Problem description |
Could you copy exactly the lines below, beginning at the line with "Recently, a post" and stopping after the line with "Датский ост-индец отстреливается", with no pictures?

Data shown |
Start of Block

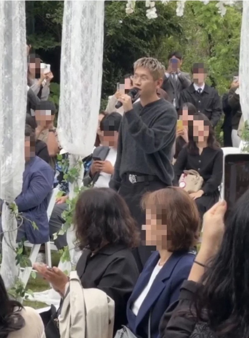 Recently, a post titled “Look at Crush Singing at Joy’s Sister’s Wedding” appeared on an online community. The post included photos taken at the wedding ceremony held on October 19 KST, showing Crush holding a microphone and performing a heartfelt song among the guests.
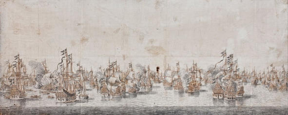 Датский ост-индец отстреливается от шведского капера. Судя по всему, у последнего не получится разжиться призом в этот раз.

End of Block
Start of Block

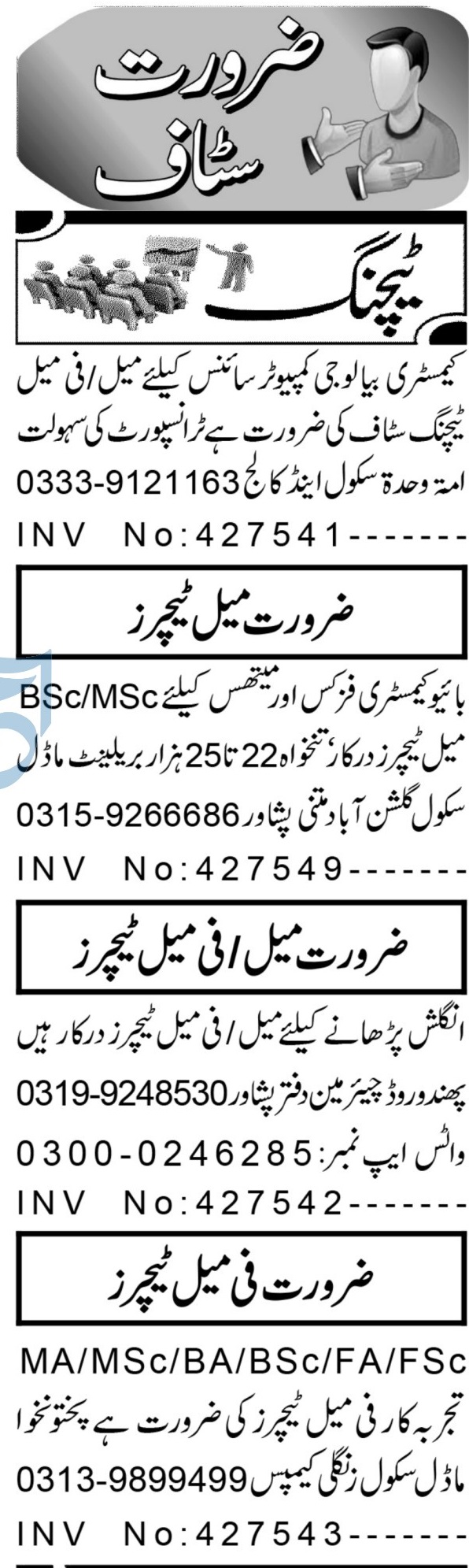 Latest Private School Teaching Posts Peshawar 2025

End of Block
Start of Block

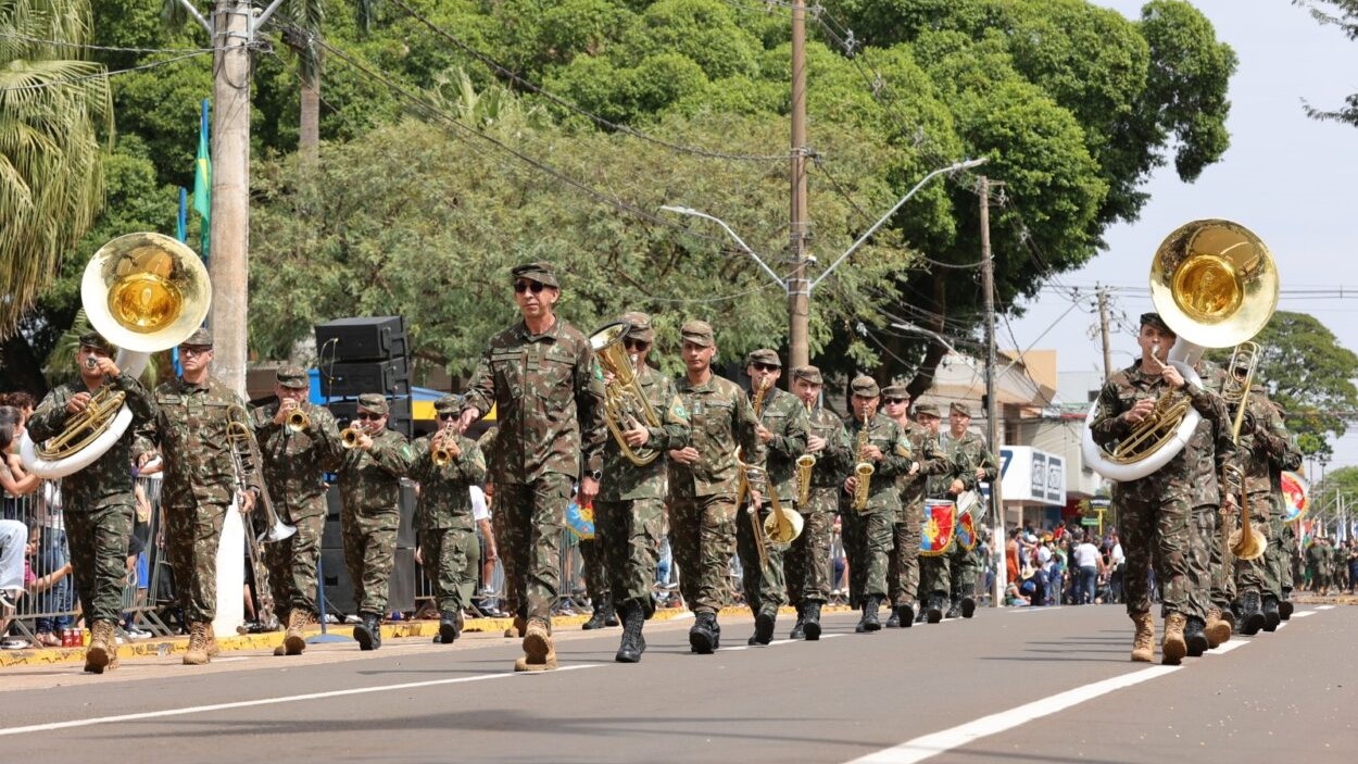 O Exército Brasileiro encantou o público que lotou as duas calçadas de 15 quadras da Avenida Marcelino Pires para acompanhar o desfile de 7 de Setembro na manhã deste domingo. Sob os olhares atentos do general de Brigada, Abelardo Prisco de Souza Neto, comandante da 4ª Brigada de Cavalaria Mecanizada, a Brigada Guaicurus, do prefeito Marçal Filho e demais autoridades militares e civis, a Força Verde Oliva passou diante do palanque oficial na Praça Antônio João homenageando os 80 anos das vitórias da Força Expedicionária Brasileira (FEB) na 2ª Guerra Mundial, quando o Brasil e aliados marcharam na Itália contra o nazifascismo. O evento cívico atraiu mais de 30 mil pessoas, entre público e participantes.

End of Block

Response area |
 Recently, a post titled “Look at Crush Singing at Joy’s Sister’s Wedding” appeared on an online community. The post included photos taken at the wedding ceremony held on October 19 KST, showing Crush holding a microphone and performing a heartfelt song among the guests.
 Датский ост-индец отстреливается от шведского капера. Судя по всему, у последнего не получится разжиться призом в этот раз.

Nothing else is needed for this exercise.